> **Task**
Could you return, exactly as written, every line from the one containing "Mexen Cesar évier" through the last line of the entries below, leaving out the pictures?

> **Data provided**
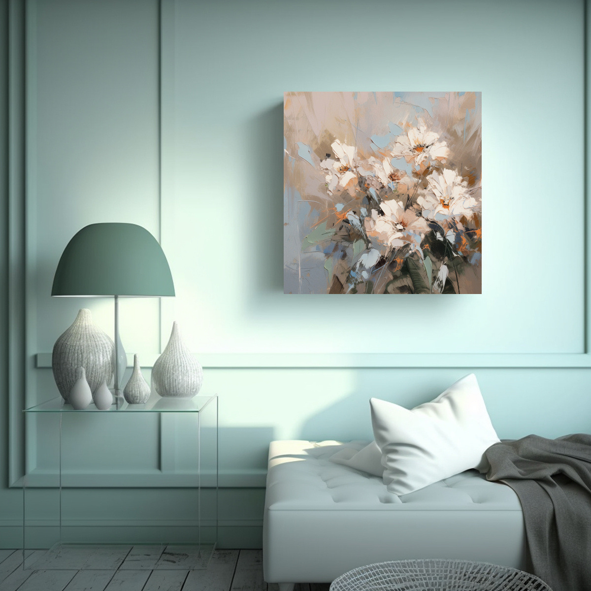 Este cuadro de flores en tonos suaves sería perfecto para decorar tu sala de estar Colócalo sobre un mueble en tonos neutros, como beige o gris, para crear un contraste elegante Combínalo con cojines en colores similares y algunos elementos decorativos en plateado para resaltar su belleza ¡Agrega un toque de naturaleza y sofisticación a tu hogar con este cuadro de DecoCuadros!
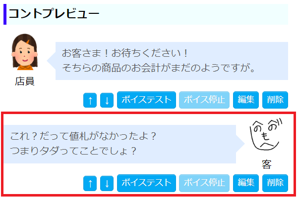 - プレビューにそのキャラでのセリフが追加されます。
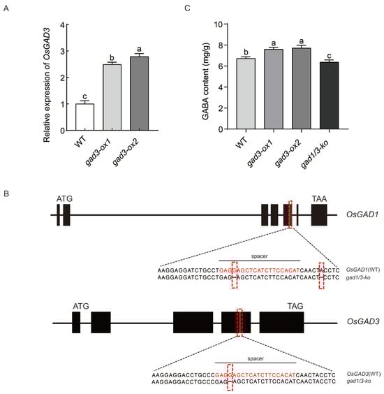 Generation and analysis of genome-edited plants. (A) Expression of the OsGAD3 gene in WT, gad3-ox1 and gad3-ox2. Error bars are SD (n = 3 biological replicates). (B) Schematic diagram of the OsGAD1 and OsGAD3 gene structure and gRNA target site for CRISPR/Cas9-mediated mutagenesis of OsGAD1 and OsGAD3. The black rectangles represent the exon regions. The spacer location is marked in red—nucleotide sequence alignment of WT OsGAD1 and OsGAD3 and the gad1/3-ko mutants. The sequence marked in red text under the black line indicates the spacer sequence. (C) GABA content in germinating seeds of rice of each strain. The OsActin was selected as an internal control to normalise data. Experiments were repeated three times with similar results. Error bars are SD (n = 3 biological replicates). Different letters indicate significant differences at p < 0.05.
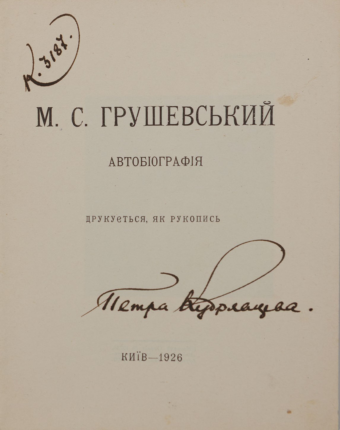 Провенанс: на обкладинці й титульному аркуші підпис «Петра Кудрявцева К. 3187».
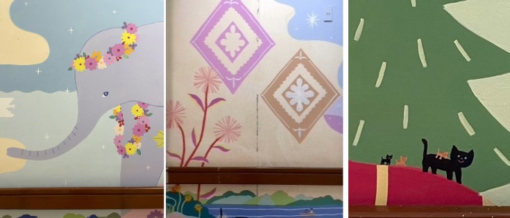 The completed murals featured Lulu's signature motifs of nature and animals, along with local UNESCO World Heritage sites, patterns from traditional clothing, and even a painting of kittens born in the hospital, all to everyone's delight. The once sterile and cold hospital environment was transformed, with many commenting, "It's beautiful" and "It doesn't feel like a hospital anymore." A man who had just undergone surgery looked at the artwork with a cheerful expression. There was even a doctor who proudly said, "I painted this part."
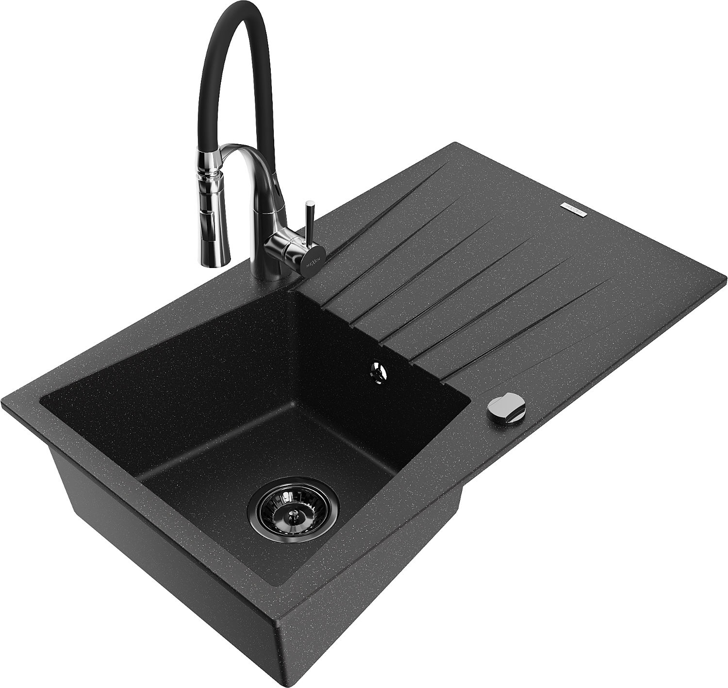 Mexen Cesar évier en granit 1 bac avec égouttoir et robinet de cuisine Aster, noir/argent métallique - 6514-73-73450-07-B
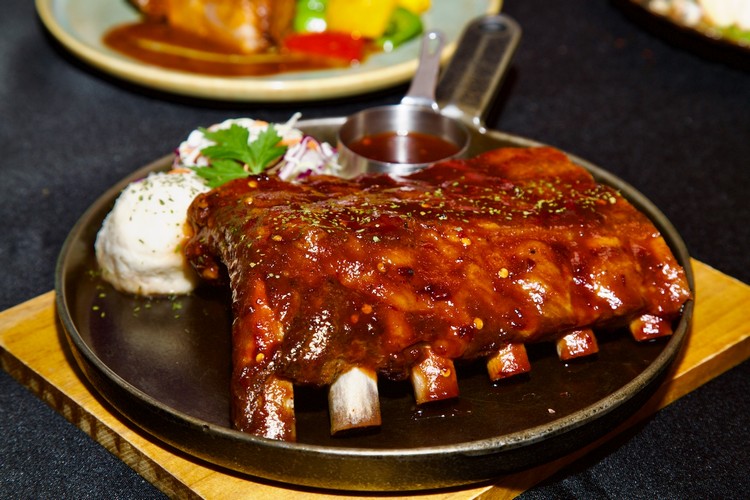 開場的「密蘇里風味香辣煙燻肋排」是整份菜單的靈魂所在。肋排帶有適度的柔嫩口感,表層裹滿熱辣微甜番茄醬,風味濃郁而富有層次。配一杯煙燻啤酒,襯托出肋排的焦糖餘韻。
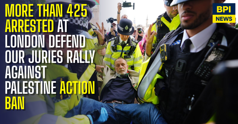 More than 425 people were arrested in Westminster on Saturday during a large demonstration against the government’s ban on the campaign group Palestine Action.
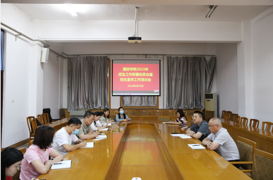 6月19日上午,我院在行政楼第一会议室召开国际学院2023年招生工作部署动员会暨招生宣传工作培训会,学院党委副书记吴军超、学院全体招生咨询老师及招生与就业指导办公室工作人员参加了此次会议。会议由学院党委副书记赵强主持。
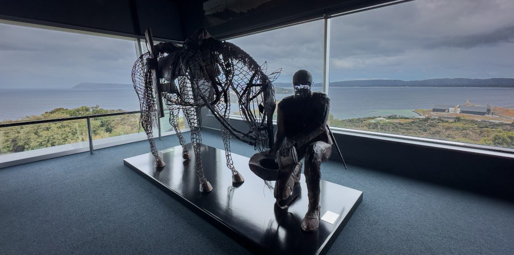 We then battled the wind and walked back to the vans and relocated to the ANZAC Discovery Centre. The first troop convoy of Australian and New Zealand ships set off from the port of Albany. The centre is very modern with self guided listening stations. We were all given a person when we arrived and we followed their individual war story along the way. It was well done and we spent over 2 hours here. I really enjoyed reading about the transport of the horses. Only one of the thousands that were sent over was brought back to Australia and his hoof was mounted at the centre. The elevated views from the building over the water were incredible when you could actually see them.
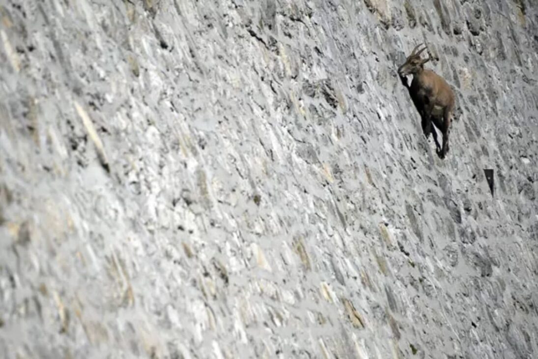 La superficie de la represa, que para humanos es solo cemento y piedra, para el íbex funciona como un “mapa” de nutrientes.

> **Task answer**
 Mexen Cesar évier en granit 1 bac avec égouttoir et robinet de cuisine Aster, noir/argent métallique - 6514-73-73450-07-B
 開場的「密蘇里風味香辣煙燻肋排」是整份菜單的靈魂所在。肋排帶有適度的柔嫩口感,表層裹滿熱辣微甜番茄醬,風味濃郁而富有層次。配一杯煙燻啤酒,襯托出肋排的焦糖餘韻。
 More than 425 people were arrested in Westminster on Saturday during a large demonstration against the government’s ban on the campaign group Palestine Action.
 6月19日上午,我院在行政楼第一会议室召开国际学院2023年招生工作部署动员会暨招生宣传工作培训会,学院党委副书记吴军超、学院全体招生咨询老师及招生与就业指导办公室工作人员参加了此次会议。会议由学院党委副书记赵强主持。
 We then battled the wind and walked back to the vans and relocated to the ANZAC Discovery Centre. The first troop convoy of Australian and New Zealand ships set off from the port of Albany. The centre is very modern with self guided listening stations. We were all given a person when we arrived and we followed their individual war story along the way. It was well done and we spent over 2 hours here. I really enjoyed reading about the transport of the horses. Only one of the thousands that were sent over was brought back to Australia and his hoof was mounted at the centre. The elevated views from the building over the water were incredible when you could actually see them.
 La superficie de la represa, que para humanos es solo cemento y piedra, para el íbex funciona como un “mapa” de nutrientes.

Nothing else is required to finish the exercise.